Hey all my name is bob and I am currently a Wing chun Tao Student in Windsor Ont, and training under Sifu jim Clark. Just posting too say hello too everyone


----------



## shesulsa (Nov 2, 2004)

Hello WCB and welcome to Martial Talk.  This is a nice place to hang and one of the best discussion boards on the web, IMHO.

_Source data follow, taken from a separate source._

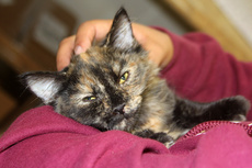 Rapunzel is a very sweet long haired Tortoiseshell kitten, about 12 weeks old. She loves to be with you and loves to cuddle.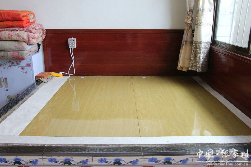 在前往參觀考察扶貧光伏項目和扶貧車間的路上,閆家鄉(xiāng)分管項目負責同志介紹,電熱炕是近年來流行的一種農(nóng)村取暖設施,從外觀來看與傳統(tǒng)土炕沒有太大區(qū)別,但發(fā)熱源上,電熱炕是由電來取暖,它一般由電熱板、溫控器、支撐面和地板革等四部分組成,實際使用時,用溫控器來控制電熱炕的溫度和使用時間,就跟電熱毯一樣,發(fā)熱迅速,溫度恒定,受熱面均勻,而且環(huán)保干凈,清潔衛(wèi)生,使用一整夜的費用還不到一元錢,達到了“兩省三安全”的效果,即省電,省心,人安全、電安全 、房安全。在農(nóng)村特別實用,現(xiàn)在有些城市人在裝修房子時,也使用電熱炕。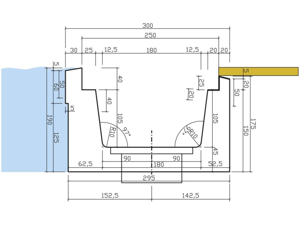 Betónový prelivový žľab 1,0 m je prefabrikovaný prvok určený pre prelivové bazény na osadenie prelivového roštu so šírkou až do 250 mm. Zabezpečuje spoľahlivý odvod prelivovej vody z okraja bazéna do filtračného okruhu.

 Have a look around and happy posting!


----------



## Vadim (Nov 2, 2004)

Hey Bob, welcome aboard. artyon:


----------



## TigerWoman (Nov 2, 2004)

Hey Back, Bob!  This is a great place, so very addictive. But have fun learning like I do!  TW


----------



## Sarah (Nov 2, 2004)

Hello Bob, happy posting!


----------



## Oak Bo (Nov 3, 2004)

Hi Bob!
 Welcome aboard :cheers:
 :asian:


----------



## Drac (Nov 3, 2004)

Greetings and Welcome to MT Bob...


----------



## KenpoTess (Nov 5, 2004)

Hi Bob  Welcome to a Fantastic Group~!

~Tess


----------



## Venomstrike (Nov 5, 2004)

Hi Bob, welcome to the forums. I'm new also and so far I like it here. There is so much information here on the martial arts. You should read through some of the older topics like I've been doing recently -- lots of tips and strategies.


----------



## still learning (Nov 14, 2004)

Hello, Wing Chun Bob,  .......Aloha from Hawaii


----------